Het westerse denken en de joods-christelijke traditie
hebben veel fouten gemaakt, maar ditzelfde denken heeft ook de "Universele
verklaring van de rechten van de mens" voortgebracht. Soms hoor je wel eens dat
de islamitische wereld deze verklaring opvatten als een zelfverheerlijking van
het westers denken, die hun mening aan de rest van de wereld opdringen als een
universeel ethisch model. Bij een klassengesprek vandaag in de klas was er ook
een moslimleerlinge die dit idee onderschreef. Meer bepaald: naar aanleiding
van het controversiële artikel van vorige week, waarin te lezen stond
dat twee wetenschappers vinden dat abortus in welbepaalde gevallen tot na
de geboorte mogelijk zou moeten zijn voor de ouders, vond zij het niet kunnen dat medeleerlingen de mensenrechten als argument gebruikten in hun betoog. Ethisch gezien waren
vrijwel alle leerlingen dezelfde mening toegedaan: de stelling dat ouders in bepaalde gevallen het recht zouden moeten hebben hun pasgeboren baby te doden is moreel
verwerpelijk. Abortus na de geboorte is in alle gevallen ontoelaatbaar. Punt.

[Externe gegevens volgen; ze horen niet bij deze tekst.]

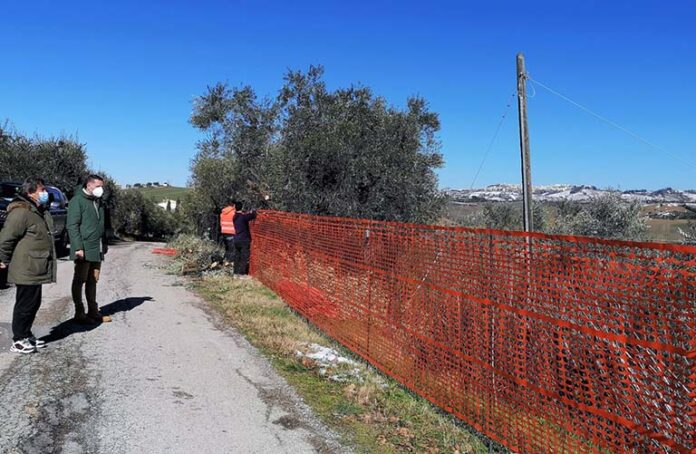 MONTEPRANDONE – Con l’installazione del cantiere, sono partiti questa mattina lunedì 15 febbraio, i lavori di messa in sicurezza di un tratto di via Montetinello a Monteprandone. L’intervento consiste nel ripristino della viabilità mediante la realizzazione di opere di consolidamento della sede stradale con rifacimento della sottofondazione e, successivamente, della pavimentazione. I lavori, realizzati dalla ditta NO.FRA. srl di Monteprandone, sono finanziati con fondi regionali per l’emergenza neve 2017. Lo scorso ottobre, infatti, il Comune di Monteprandone aveva ottenuto 295.000 euro, di cui 80.000 per via Montetinello e 215.000 euro per via Spiagge. «L’intervento in via Montetinello – dichiarano il sindaco Sergio Loggi e l’assessore viabilità Fernando Gabrielli che stamane hanno effettuato un sopralluogo sul cantiere – è il primo di una serie di lavori programmati attraverso i quali metteremo in sicurezza strade rurali su versanti collinari danneggiate dagli agenti atmosferici. Nelle prossime settimane, infatti, partiranno anche i lavori in via Spiagge che rientrano sempre nel fondo regionale emergenza neve, e in via Monterone, su cui investiremo 640.000 euro provenienti dal Ministero dell’Interno».
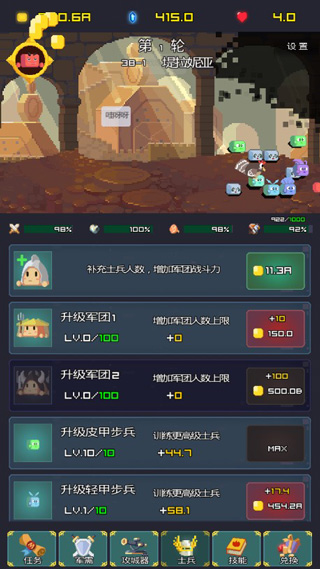 关于这款游戏简单的操作玩法需要玩家不停的升级和点击任务,期间所斩获的大量金币可用于升级军需、士兵攻击和士兵数量,提升战斗力,使得攻城拔寨更加迅速;爱心可用于升级攻城器,增加攻城效率;钻石可用于升级技能,增加英雄输出和战略补给。

Maar wat dan met zwaar gehandicapte kinderen, wiens leven als vegetatief kan worden beschreven? Deze kindjes beschikken zelfs niet over een vrije wil en beseffen niet dat ze leven. Is het moreel aanvaardbaar voor kind en ouders (en eventuele andere gezinsleden) om dit kind in leven te houden? Dit was een discussiepunt, alleszins. En toen was er dus een meisje, die zei dat de Universele verklaring van de rechten van de mens het heeft over het recht op leven van iedereen. In aansluiting daarop zei het moslimmeisje dat wij inderdaad niet kunnen bepalen wat de levenskwaliteit is van zo'n zwaar gehandicapt kind en dus niet ons eigen leven als maatstaf mogen gebruiken om dat gehandicapte kindje het recht op leven te ontnemen. En toen zei ze ineens ook dat de mensenrechten toch bepaald waren in het Westen en de vrucht zijn van het westerse denken. Protest in de klas: het gaat om universele waarheden in deze verklaring, menen de protesteerders. Je kan het westerse denken natuurlijk niet meteen universeel gaan noemen, daar waren de meesten het uiteindelijk wel over eens. Maar toch moet er gestreefd worden naar eenheid in het ethisch denken, zodat de wereld een bestuurbaar, beheersbaar geheel is, waar men beschikt over universele rechten en plichten. Het meisje antwoordde dat zij als islamitische dan ook het recht heeft op haar eigen mening en dat die is dat alle leven heilig is, omdat het van Allah komt. Mensen kunnen in dat opzicht niet oordelen over de levenskwaliteit van medemensen. Wanneer moslims vinden dat iets niet of nooit kan, dan moeten anders-gelovigen daar geen andere mening proberen op te dringen, omdat zijn geloven in een heilige wet, die boven al de rest staat. Als godsdienstleerkracht was ik blij dat we met respect voor elkaars mening naar elkaar geluisterd hebben. Het grote gelijk is toch zwaar overschat...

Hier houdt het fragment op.